→ Given data:
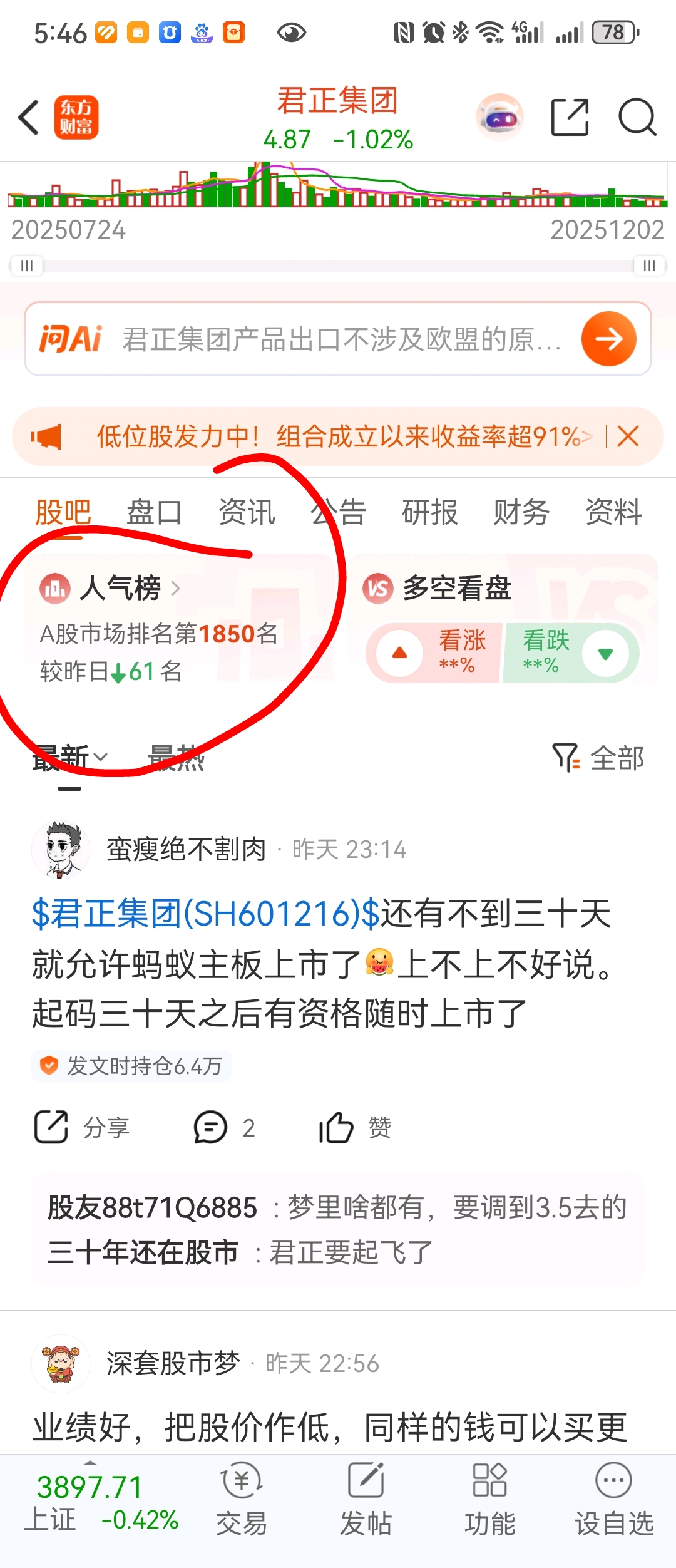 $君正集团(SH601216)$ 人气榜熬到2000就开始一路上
==
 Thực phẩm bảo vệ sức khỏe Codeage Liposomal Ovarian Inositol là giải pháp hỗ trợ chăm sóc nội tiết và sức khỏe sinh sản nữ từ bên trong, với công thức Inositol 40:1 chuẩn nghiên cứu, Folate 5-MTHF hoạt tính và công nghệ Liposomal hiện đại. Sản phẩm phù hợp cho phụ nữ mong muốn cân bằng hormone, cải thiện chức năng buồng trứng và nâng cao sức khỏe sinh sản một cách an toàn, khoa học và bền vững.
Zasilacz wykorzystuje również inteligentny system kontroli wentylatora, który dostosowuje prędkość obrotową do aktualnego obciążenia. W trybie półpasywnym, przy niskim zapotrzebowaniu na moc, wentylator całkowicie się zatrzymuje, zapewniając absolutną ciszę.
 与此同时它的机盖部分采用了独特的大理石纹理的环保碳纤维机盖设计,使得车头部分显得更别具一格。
==
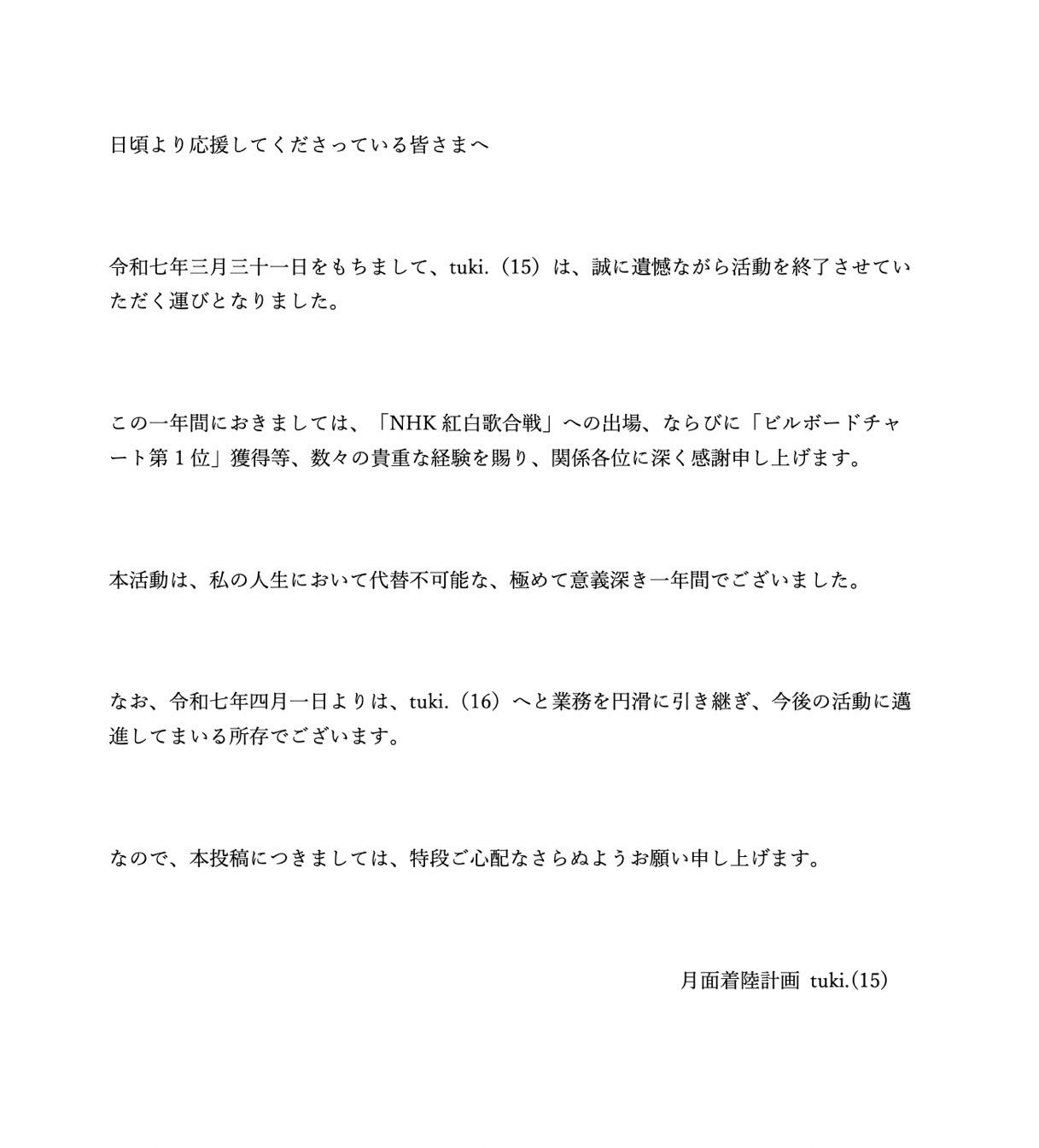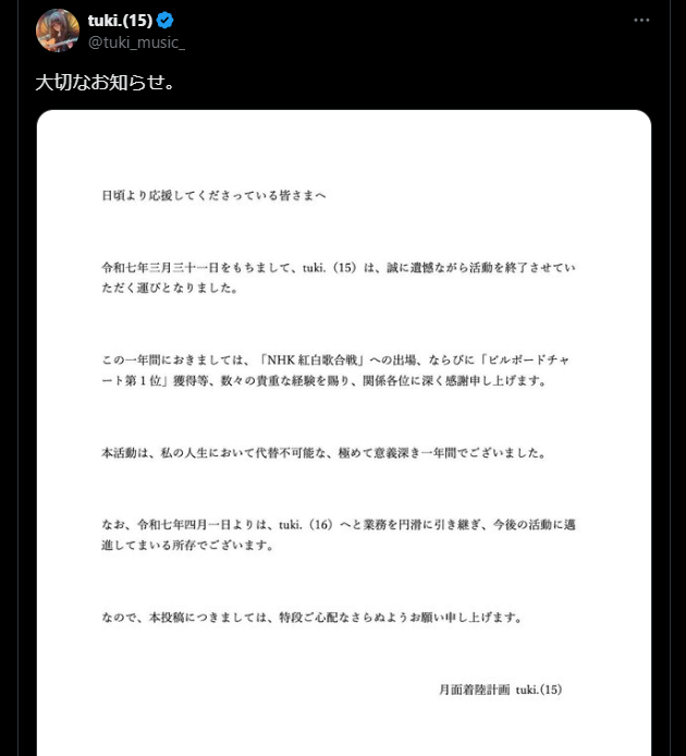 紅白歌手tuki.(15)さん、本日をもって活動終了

→ Exercise:
Among the records above, only the lines between the line holding "Zasilacz wykorzystuje również" and the line holding "与此同时它的机盖部分采用了独", inclusive, are to be output, exactly as written.

→ Response to this task:
Zasilacz wykorzystuje również inteligentny system kontroli wentylatora, który dostosowuje prędkość obrotową do aktualnego obciążenia. W trybie półpasywnym, przy niskim zapotrzebowaniu na moc, wentylator całkowicie się zatrzymuje, zapewniając absolutną ciszę.
 与此同时它的机盖部分采用了独特的大理石纹理的环保碳纤维机盖设计,使得车头部分显得更别具一格。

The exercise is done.